Five Facet Mindfulness Questionnaire – Short Form (FFMQ-SF)

A self-report measure to quantify an individual’s tendency to be mindful in daily life over a 30-day period (Bohlmeijer et al., 2011). The 24-item measure asks participants to rate items on a 5-point Likert scale from 1 never or very rarely true to 5 very often or always true. Items on the FFMQ-SF cover five dimensions of dispositional mindfulness: observing one’s internal and external experiences (e.g., “I pay attention to physical experiences, such as the wind in my hair or sun on my face”), describing one’s internal experiences (e.g., “I am good at finding words to describe my feelings”), acting with awareness rather than on automatic pilot (e.g., “I do jobs or tasks automatically without being aware of what I’m doing”), taking a non-judging stance towards one’s thoughts and feelings (e.g., “I tell myself that I shouldn’t be thinking the way I’m thinking”), and non-reactivity to one’s inner experiences (e.g., “When I have distressing thoughts or images, I don’t let myself be carried away by them”). Participants completed the FFMQ-SF at baseline and post-intervention. We summed item scores to obtain a FFMQ-SF score. The Cronbach’s alpha reliability coefficient (range) was 0.77 – 0.80, and the McDonald’s omega reliability coefficient (range) was 0.81–0.83. We also computed a change score (∆ FFMQ-SF) by subtracting baseline FFMQ-SF from the post-intervention score.

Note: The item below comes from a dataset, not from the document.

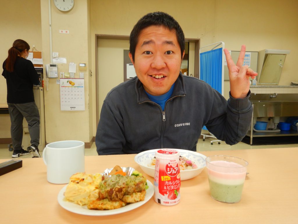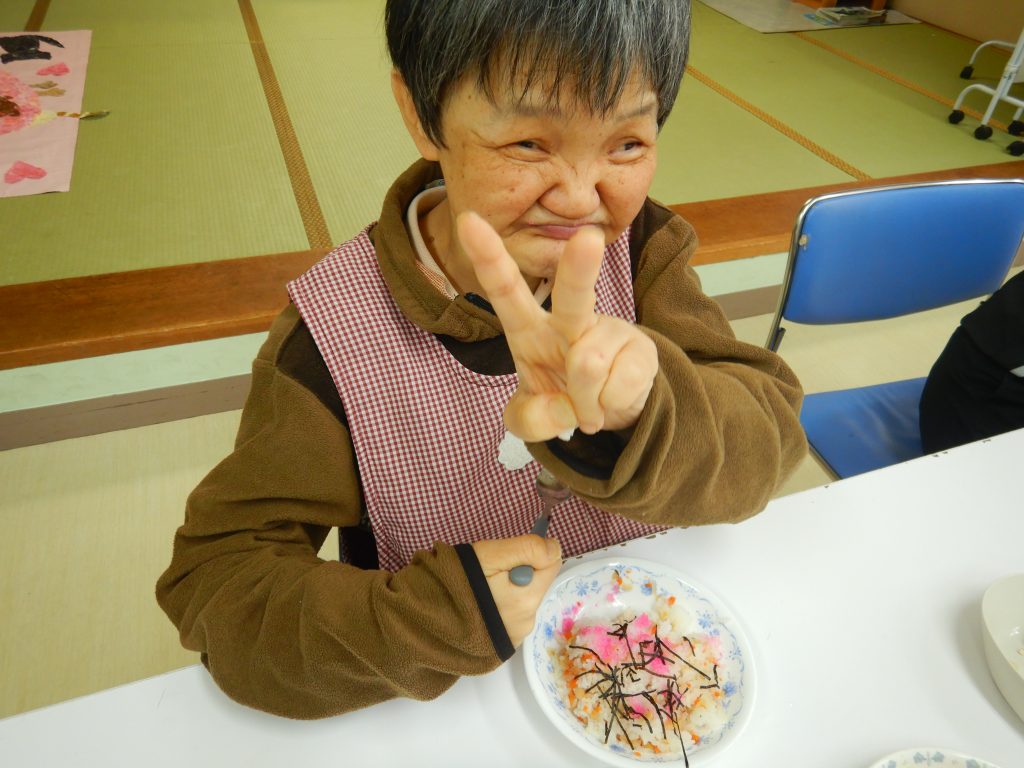 笑顔いっぱいです!デザートは、ひしもちをイメージしたひな祭りゼリーです。このゼリーは、一段目イチゴミルク、二段目ミルク、三段目抹茶味。とっても美味しい、美しい手がこんでいるゼリーでした。

Difficulties in Emotion Regulation Scale (DERS)

A self-report measure to quantify the frequency with which an individual experiences difficulties regulating emotions over a 30-day period (Gratz & Roemer, 2004). The 36-item measure asks participants to rate items on a 5-point Likert scale from 1 never to 5 almost always. Items on the DERS cover six factors, including nonacceptance of emotions (e.g., “When I’m upset, I feel guilty for feeling that way”), difficulty engaging in goal-oriented behavior (e.g., “When I’m upset, I have difficulty concentrating“), difficulty with impulse control (e.g., “When I’m upset, I lose control over my behaviors”), lack of awareness of emotions (e.g., “I’m attentive to my feelings”), limitations in effective emotion regulation strategies (e.g., “When I’m upset, my emotions feel overwhelming”), and lack of clarity of emotions (e.g., “I have no idea how I am feeling”). Participants completed the DERS at baseline and post-intervention. We summed item scores at each assessment to obtain a composite DERS score. The Cronbach’s alpha reliability coefficient at both time points was 0.95, and the McDonald’s omega reliability coefficient (range) was 0.95–0.96.

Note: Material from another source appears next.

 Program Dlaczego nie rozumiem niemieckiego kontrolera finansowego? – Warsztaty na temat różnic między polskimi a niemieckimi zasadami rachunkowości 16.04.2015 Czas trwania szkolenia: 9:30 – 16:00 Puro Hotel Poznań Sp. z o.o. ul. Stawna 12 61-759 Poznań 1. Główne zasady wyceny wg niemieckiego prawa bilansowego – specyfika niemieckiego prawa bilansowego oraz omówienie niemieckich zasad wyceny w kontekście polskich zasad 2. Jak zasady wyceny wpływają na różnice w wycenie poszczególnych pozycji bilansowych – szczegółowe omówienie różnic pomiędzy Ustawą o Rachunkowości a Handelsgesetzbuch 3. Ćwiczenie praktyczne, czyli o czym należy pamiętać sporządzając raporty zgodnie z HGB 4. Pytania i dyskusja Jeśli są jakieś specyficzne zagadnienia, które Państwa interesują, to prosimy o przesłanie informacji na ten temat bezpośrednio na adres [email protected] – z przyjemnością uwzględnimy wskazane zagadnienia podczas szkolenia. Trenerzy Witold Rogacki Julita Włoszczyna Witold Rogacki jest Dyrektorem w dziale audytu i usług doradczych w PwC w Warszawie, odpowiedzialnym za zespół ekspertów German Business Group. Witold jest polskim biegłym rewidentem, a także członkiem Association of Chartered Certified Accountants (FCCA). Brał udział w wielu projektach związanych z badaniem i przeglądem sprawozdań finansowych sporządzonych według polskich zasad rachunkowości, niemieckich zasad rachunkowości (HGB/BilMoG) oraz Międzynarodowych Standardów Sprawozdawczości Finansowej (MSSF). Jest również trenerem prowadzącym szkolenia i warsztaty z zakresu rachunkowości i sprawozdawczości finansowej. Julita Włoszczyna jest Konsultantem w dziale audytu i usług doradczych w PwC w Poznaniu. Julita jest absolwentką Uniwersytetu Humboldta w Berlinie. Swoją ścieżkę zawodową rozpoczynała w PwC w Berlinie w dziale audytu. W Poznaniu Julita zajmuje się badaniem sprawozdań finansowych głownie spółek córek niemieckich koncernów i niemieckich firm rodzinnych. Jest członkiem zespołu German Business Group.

Perceived Stress Scale (PSS-10)

A self-report measure used to quantify perceived stress by how often, over a 30-day period, the individual had specific stress-related thoughts and feelings (Cohen et al., 1983). The 10-item scale asks participants to rate items on a 5-point Likert scale from 0 never to 4 very often. Example items include “How often did you feel nervous or stressed?” and “How often did you feel that difficulties were piling so high that you could not overcome them?” Participants completed the PSS-10 at study baseline and post-intervention completion. We summed item scores at each assessment to obtain a composite PSS-10 score. Several recent studies utilizing bifactor modeling have demonstrated support for the use of such a composite (Lee & Jeong, 2019; Reis et al., 2019; Wu & Amtmann, 2013). The Cronbach’s alpha reliability coefficient (range) was 0.81–0.84, and the McDonald’s omega reliability coefficient (range) was 0.83–0.85.

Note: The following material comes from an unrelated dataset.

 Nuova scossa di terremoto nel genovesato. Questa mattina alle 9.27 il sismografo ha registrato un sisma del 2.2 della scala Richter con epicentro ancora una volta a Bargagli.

Penn Alcohol Craving Scale (PACS)

A measure of self-report used to quantify substance use cravings by the frequency, intensity, and duration of the individual’s cravings for substances as well as their ability to resist substance use over the past 30 days (Flannery et al., 1999). While the original PACS targets alcohol use cravings, we revise the wording to also capture cravings for other drugs. The five-item scale asks participants to rate each item on a 7-point Likert scale from 0 none/never to 6 unable to resist/all the time. Example items include “At its most severe point how strong was your craving?” and “How much time have you spent thinking about doing drugs or drinking?” Participants completed the PACS at baseline and post-intervention completion. We took the average of item scores at each assessment to obtain a PACS score. The Cronbach’s alpha reliability coefficient (range) was 0.90 – 0.92, and the McDonald’s omega reliability coefficient was 0.92–0.93.

Class Attendance

Attendance is a measure of exposure to an intervention (Amaro & Black, 2021). Attendance at each of 12 MMWR sessions was observed by study staff and recorded via a sign-in sheet. Participants were instructed to sign at the start of the session. If signatures were missing, research staff consulted with group facilitators to confirm the absence.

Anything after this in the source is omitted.